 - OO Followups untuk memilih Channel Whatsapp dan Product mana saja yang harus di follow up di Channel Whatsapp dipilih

...

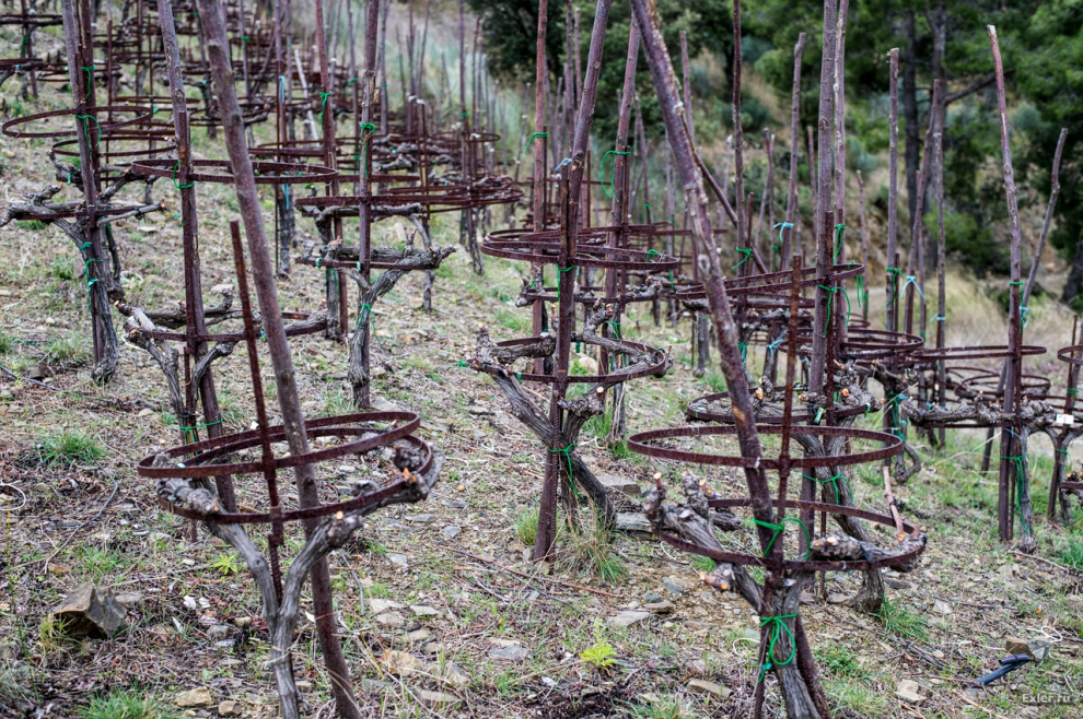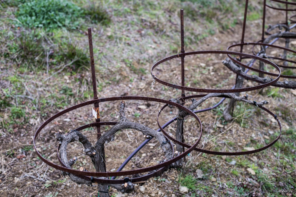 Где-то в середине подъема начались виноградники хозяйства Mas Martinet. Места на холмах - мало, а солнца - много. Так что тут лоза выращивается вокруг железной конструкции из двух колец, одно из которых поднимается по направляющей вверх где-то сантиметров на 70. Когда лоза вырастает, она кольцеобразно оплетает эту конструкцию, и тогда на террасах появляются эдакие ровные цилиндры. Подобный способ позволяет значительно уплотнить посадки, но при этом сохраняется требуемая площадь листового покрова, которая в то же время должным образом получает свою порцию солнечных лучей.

...

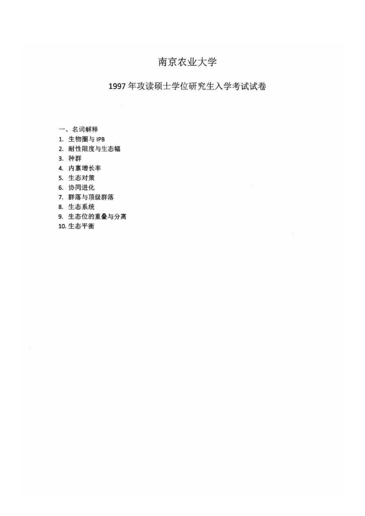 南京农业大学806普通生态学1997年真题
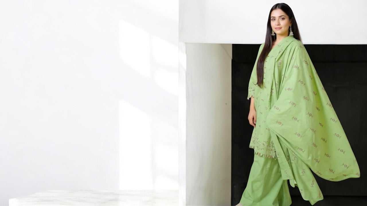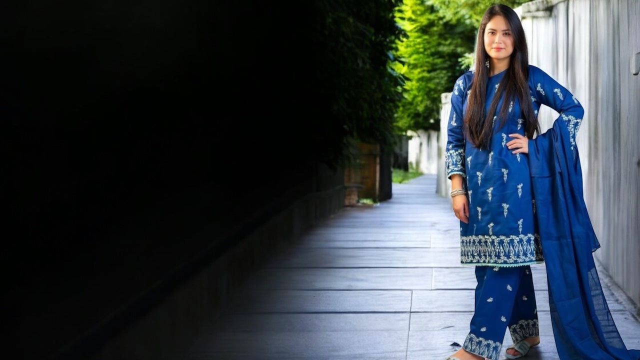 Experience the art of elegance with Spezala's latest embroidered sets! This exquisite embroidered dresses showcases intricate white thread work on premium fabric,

■ WORK ITEM:
Reproduce the listing above from the line that holds "南京农业大学806普通生态学1997年真题" through the line that holds "Experience the art", both included, with the pictures left out.

■ OUTPUT BELOW:
 南京农业大学806普通生态学1997年真题
 Experience the art of elegance with Spezala's latest embroidered sets! This exquisite embroidered dresses showcases intricate white thread work on premium fabric,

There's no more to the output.